The collection is subtitled “Tales from the Cities”, the cities being early 1970s Denver and Boston, and New York in the 1950s and 1960s. Most of Wendy Brandmark’s characters are in a state of flux, either their lives are about to change or they discover something that could be life-changing and the story stops in time to guide the readers to deciding whether the character would stay or leave.
In “The Stone Woman”, a young girl is afraid of the ‘witch’ in the basement apartment, but, when the girl gets lost, the ‘witch’ comes to the rescue and the girl befriends the Jewish woman who is prepared to tell the girl the truth about her ill grandmother that her parents have tried to protect her from. But the woman won’t talk about the number tattoos on her wrist.

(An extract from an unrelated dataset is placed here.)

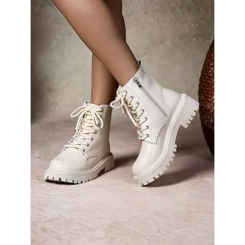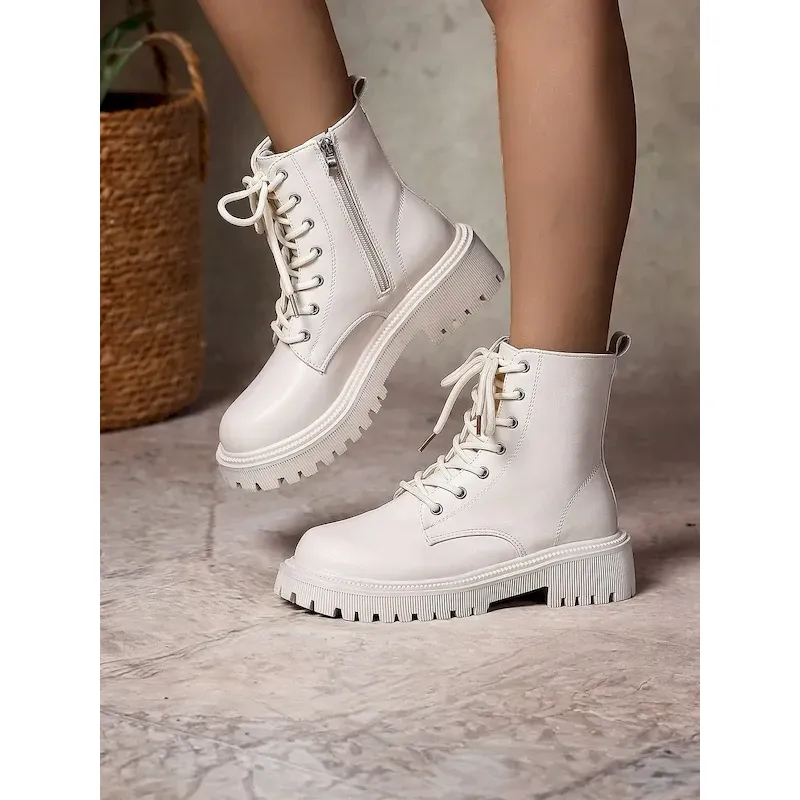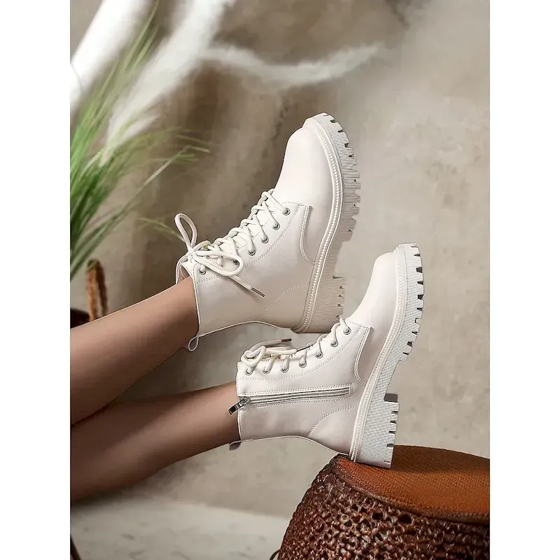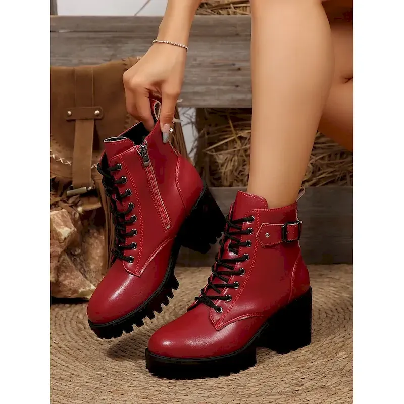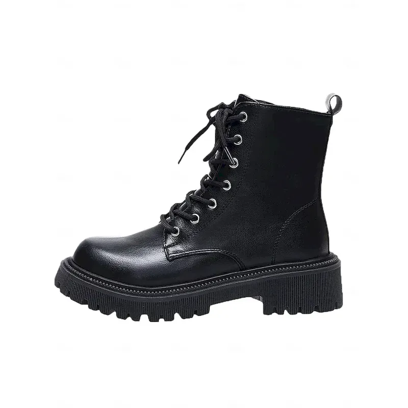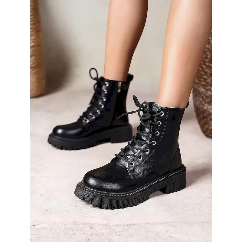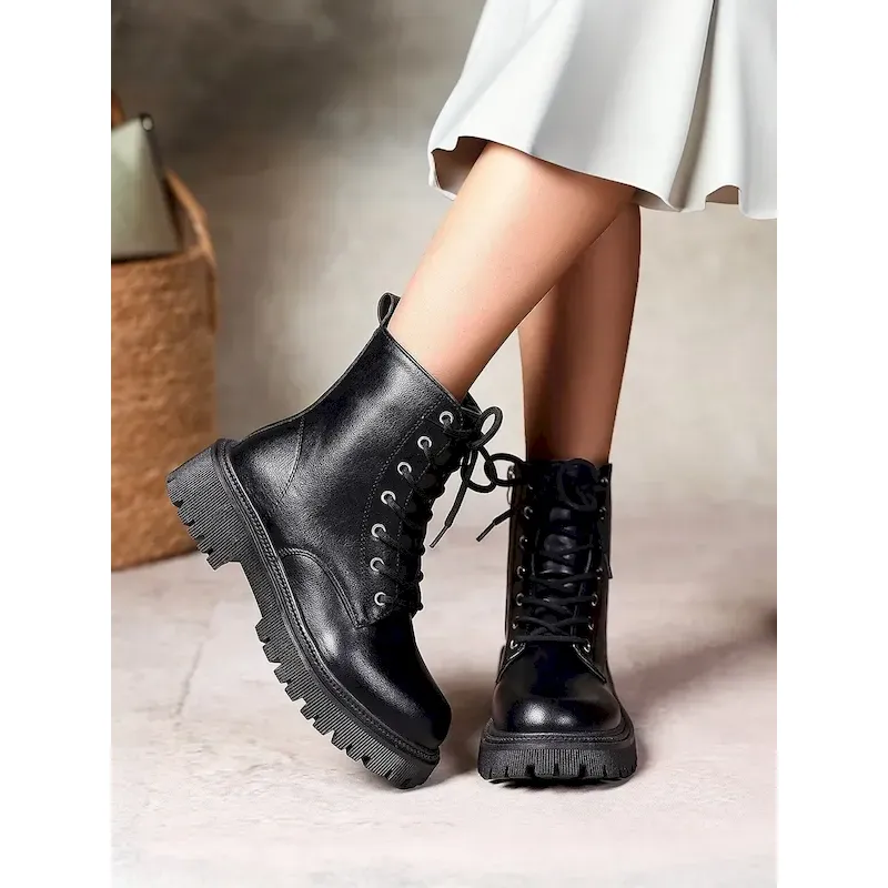 Women’s Black Leather Lace – Up Combat Boots, Edgy Style for Urban Fashion, Ideal for City Streetwear & Daily Outfits

A student, inspired by John Millais’ “Ophelia” is drawn to Pre-Raphaelite-style gowns in “The Denver Ophelia” that she finds in thrift shops in the hope her professor will notice her. However, she discovers she’s not the only one with a crush. Will she see sense or persist in her unrequited love?
A man faces a conflict of loyalties in “The Book Thief” when he discovers his kleptomaniac girlfriend has stolen from his friend’s bookstore.
A teacher of illiterate adults discovers his flatmate has gone back to a lover who doesn’t respect him while one of his students forms the phrase “He Runs the Moon” because he couldn’t find the word ‘sees’. Does the teacher intervene or let his flatmate discover for himself that he’s making a mistake?
Within the brief space of her short stories, readers get to know the characters in Wendy Brandmark’s atmospheric stories well enough to suspect they know which decision the characters will take. The selective but rich details in each story make them distinct and memorable with their characters coming to life. Each story is focused and targeted on its plot so it feels exactly the right length with no story outstaying its welcome.